[WHAT IS BEING ASKED]
From the first line to the last, copy the listing exactly and omit the images.

[STORED DATA]
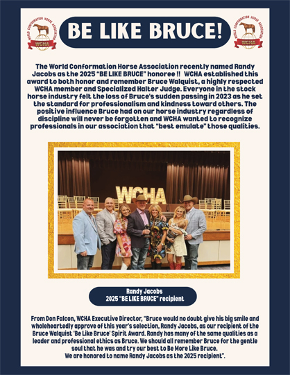 The World Conformation Horse Association recently named Randy Jacobs as the 2025 “BE LIKE BRUCE” honoree. WCHA established this award to both honor and remember Bruce Walquist, a highly respected WCHA member and respected judge.
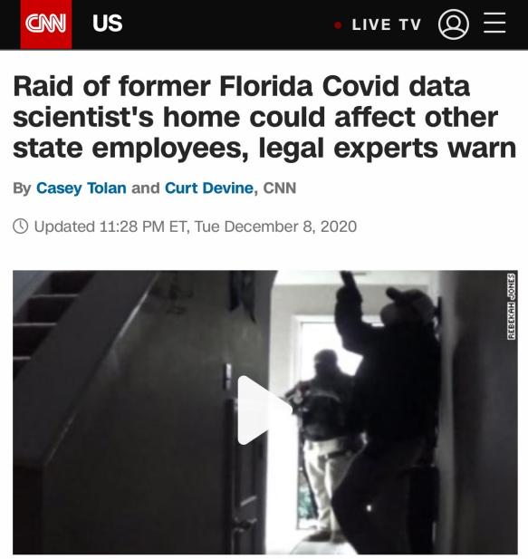 △CNN报道,佛罗里达州警方对疫情数据专家进行“抄家”,没收了存有大量数据的手机、电脑等电子产品
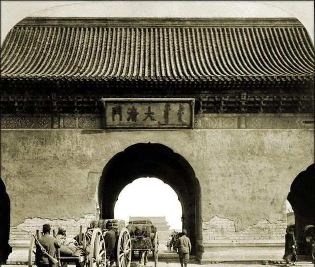 这个门洞宽,门匾写着“大清门”,车轮是木辐,马屁股一甩一甩,墙皮大块掉了,露出里层灰白,门外头是闹,门里头是更深的一层城。以前进出这道门得看差事,现在过城门是拍照打卡,门还在,意义换了。

[YOUR RESPONSE]
 The World Conformation Horse Association recently named Randy Jacobs as the 2025 “BE LIKE BRUCE” honoree. WCHA established this award to both honor and remember Bruce Walquist, a highly respected WCHA member and respected judge.
 △CNN报道,佛罗里达州警方对疫情数据专家进行“抄家”,没收了存有大量数据的手机、电脑等电子产品
 这个门洞宽,门匾写着“大清门”,车轮是木辐,马屁股一甩一甩,墙皮大块掉了,露出里层灰白,门外头是闹,门里头是更深的一层城。以前进出这道门得看差事,现在过城门是拍照打卡,门还在,意义换了。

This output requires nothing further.